We covered why naïve mutation fails on protocols, how syntax modeling keeps inputs valid, and how deterministic harnesses reduce noise so feedback can guide exploration. The MQTT examples show the trade-offs: white-box harnesses buy speed, black-box frameworks buy reach, and gray-box fuzzers bridge the two. The practical takeaway is simple: start by making inputs valid enough to reach deep logic, then let coverage or state feedback do the exploration. LLM-guided approaches are emerging as another way to learn protocol structure and guide mutations [9].

References

[1] Zhang et al. (2024). A Survey of Protocol Fuzzing. ACM Computing Surveys.

[2] Daniele, C., et al. (2024). Fuzzers for Stateful Systems: Survey and Research Directions. ACM Computing Surveys.

[3] OASIS (2021). MQTT Version 5.0 Specification.
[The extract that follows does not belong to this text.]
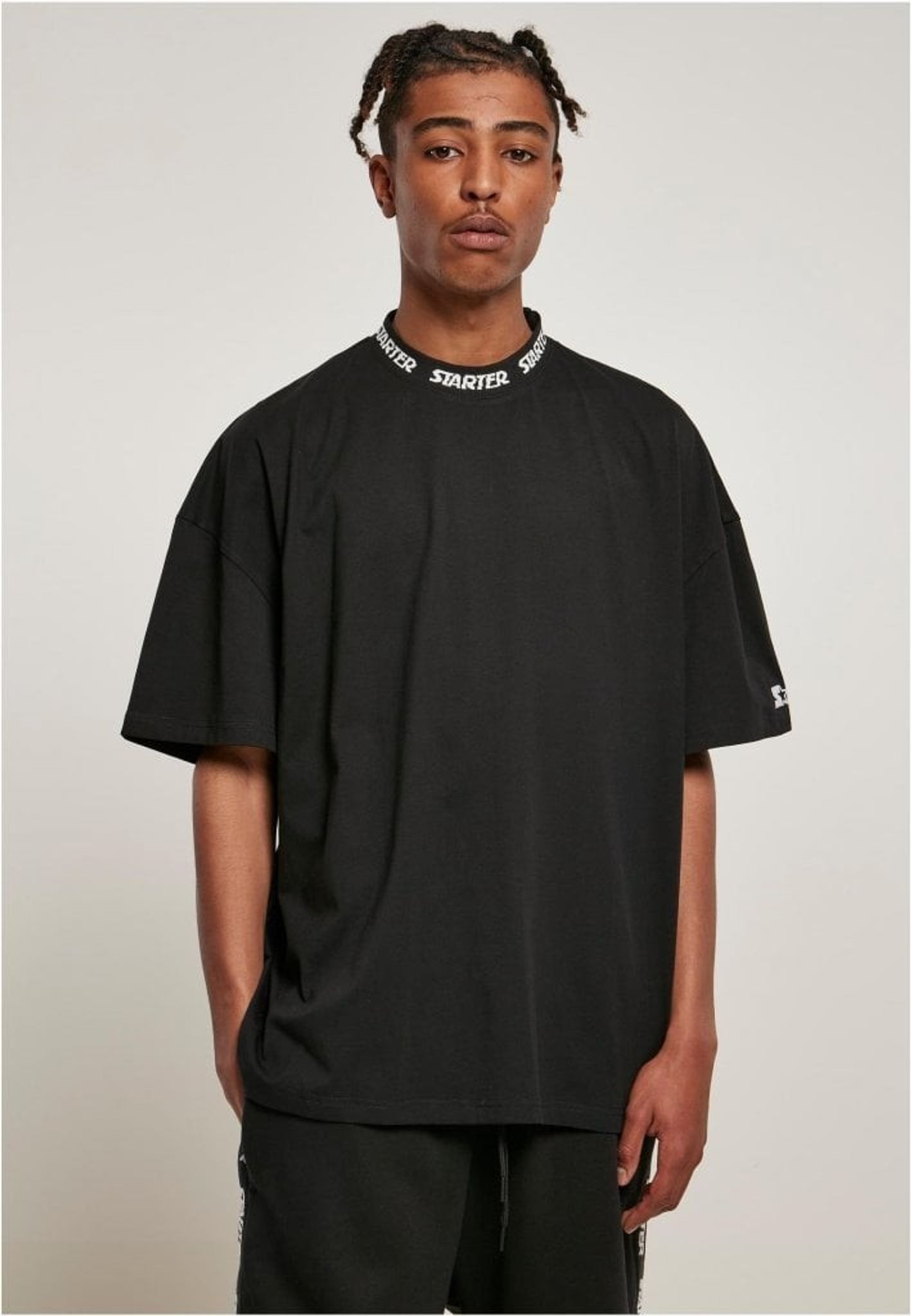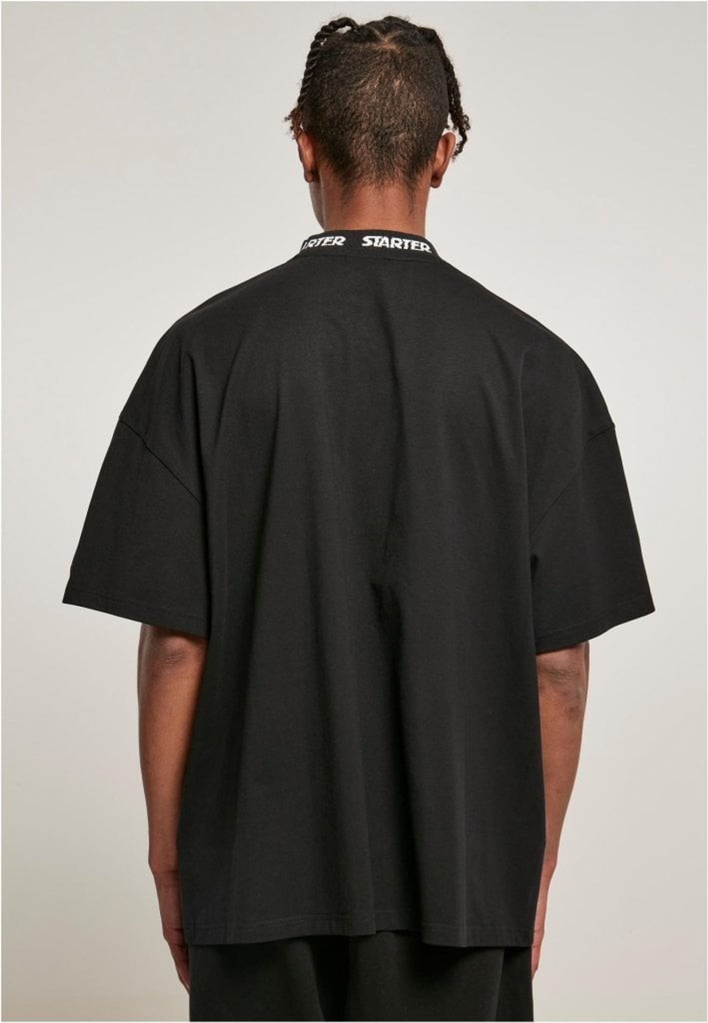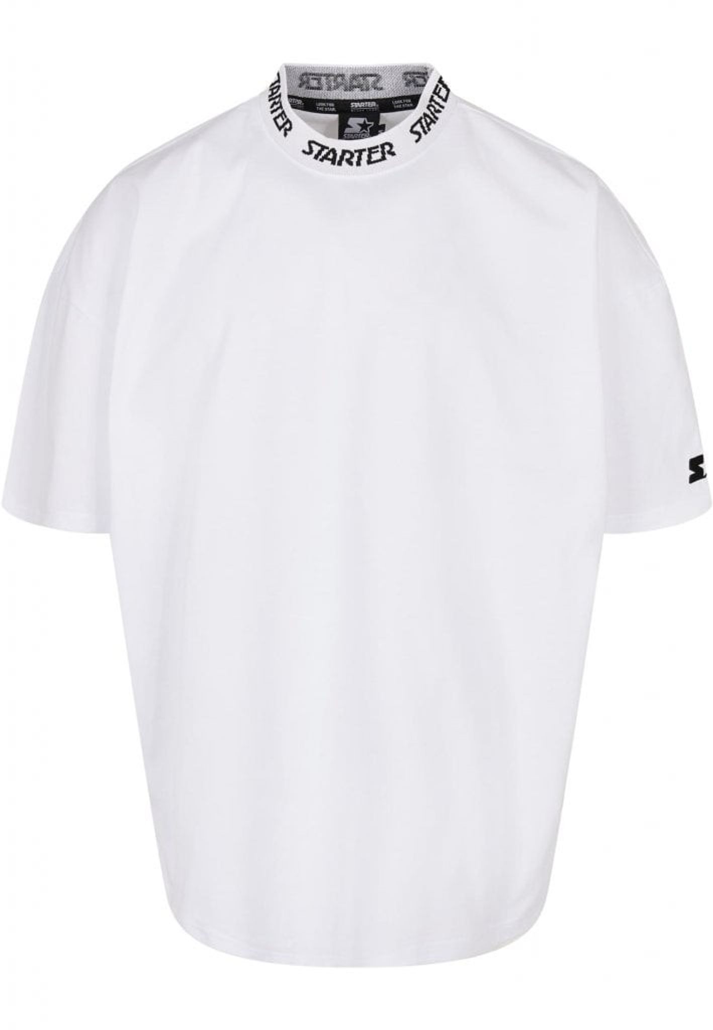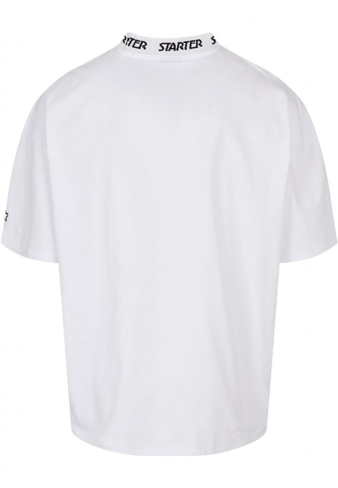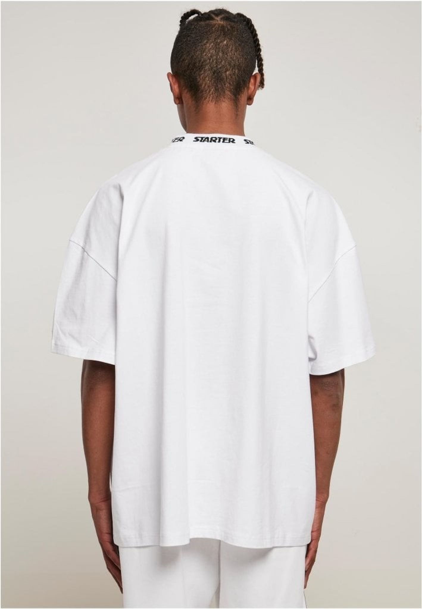 Starter Jaquard Rib T-shirt er en T-shirt i oversize model og med en halskrave fyldt med Starter logoer. Starter-logoet er broderet på venstre ærme, og den nederste kant af samme side er lappet.

[4] Qin, S., et al. (2022). NSFuzz: Towards Efficient and State-Aware Network Service Fuzzing. Proceedings of the 1st International Fuzzing Workshop.

[5] Pham, V.-T., et al. (2020). AFLNet: A Greybox Fuzzer for Network Protocols. IEEE ICST.

[6] Natella, R. (2022). StateAFL: Greybox Fuzzing for Stateful Network Servers. Empirical Software Engineering.

[7] OASIS (2021). MQTT NIST Cybersecurity.

[8] Feng, X., et al. (2021). Snipuzz: Black-box Fuzzing of IoT Firmware via Message Snippet Inference. ACM CCS.

[9] Meng, R., et al. (2024). Large Language Model Guided Protocol Fuzzing. NDSS.